Погруженный въ такія историческія воспоминанія и въ пріятную озабоченность, Бобылковъ и не замѣтилъ, какъ доѣхалъ до подъѣзда дома Ерогина.
Сатиръ Никитичъ только что отзавтракалъ съ какими-то прихлебателями, которые постоянно около него терлись, и оставивъ ихъ въ столовой допивать начатыя бутылки, увелъ Бобылкова въ кабинетъ.
Наружность Сатира Никитича нисколько не отвѣчала его имени. Это былъ совершенно обыкновенный сорокалѣтній блондинъ, съ короткимъ круглымъ носомъ, голубыми глазами и подстриженной бородкой. Усы и бакены росли у него кустиками, и это придавало ему какъ будто болѣзненный видъ, несмотря на его плечистое сложеніе и закруглившееся брюшко.

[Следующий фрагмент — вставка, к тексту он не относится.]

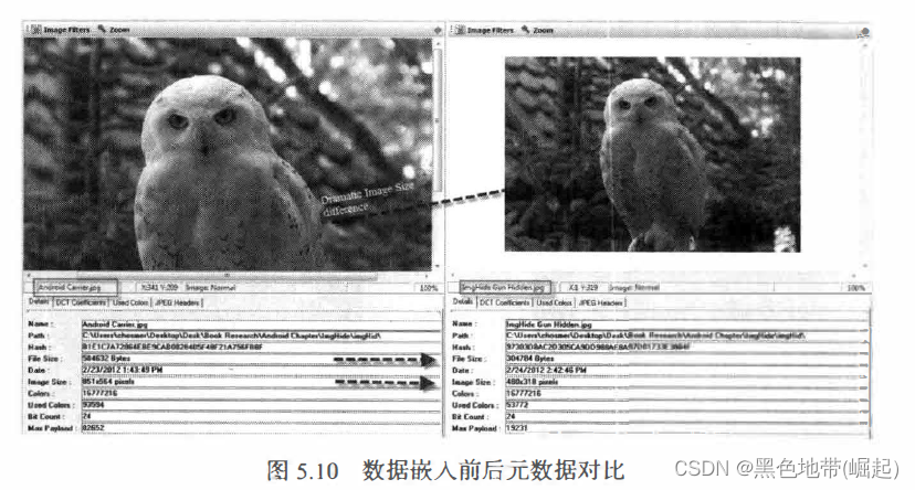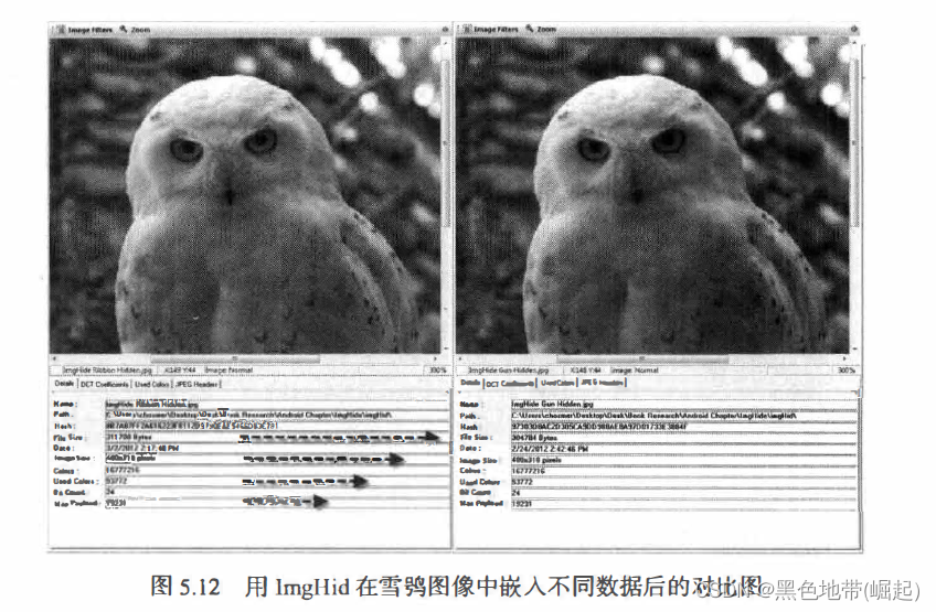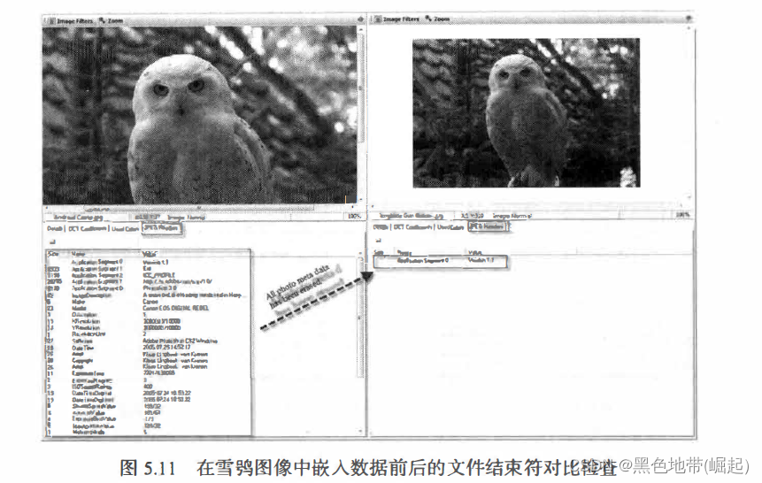 右侧经过数据嵌入处理的图像,也有个同样的文件标识符 FF D9", 但是, 在这个字符之后还有很多其他数据, 这就是我们用 ImgHid 嵌入的附加数据。

Бобылковъ вошелъ мѣрными шагами, и остановившись прямо предъ Ерогинымъ, соединилъ руки ладонями, широко разставивъ локти.
– Голубчикъ, Сатиръ Никитичъ, что же это вы надѣлали! – произнесъ онъ своимъ полу-шутовскимъ тономъ, и укоризненно воззрился на Ерогина.
– Понимаю, понимаю: у Вассы Андреевны сейчасъ были, – сказалъ тотъ усмѣхнувшись и по-купечески скусывая зубами кончикъ сигары.
– Да вѣдь какъ же: присылала за мной, – продолжалъ Бобылковъ. – Вы ее въ совершенное разстройство привели. Право, вчужѣ жалко смотрѣть.
– Ну, и жалѣйте, коли вамъ больше нечего дѣлать, – спокойно сказалъ Ерогинъ, плюхнувшись всей своей плотной фигурой на диванъ.
– Да и вы пожалѣйте, Сатиръ Никитичъ, – говорилъ Бобылковъ, держа предъ собой сжатыя ладонями руки. – Вѣдь Васса Андреевна всегда такъ сердечно относились къ вамъ…
– Э-ва! А юнкера то зачѣмъ же завела? – возразилъ, слегка краснѣя въ лицѣ, Ерогинъ.
Бобылковъ склонилъ голову и развелъ руками, но тотчасъ опять сжалъ ихъ ладонями.
– Ахъ, Сатиръ Никитичъ, да вѣдь вы разсудите, что такое юнкеръ? Вѣдь это дитя, ребенокъ… Стоитъ ли изъ-за этого ревностью себя безпокоить? – произнесъ онъ убѣжденнымъ тономъ.
– Ну, подите вы! – отозвался Ерогинъ, и нѣсколько разъ усиленно потянулъ изъ сигары. – Съ Вассой Андреевной у меня все покончено, вы лучше и не толкуйте объ этомъ. Мы съ ней ловко посчитались.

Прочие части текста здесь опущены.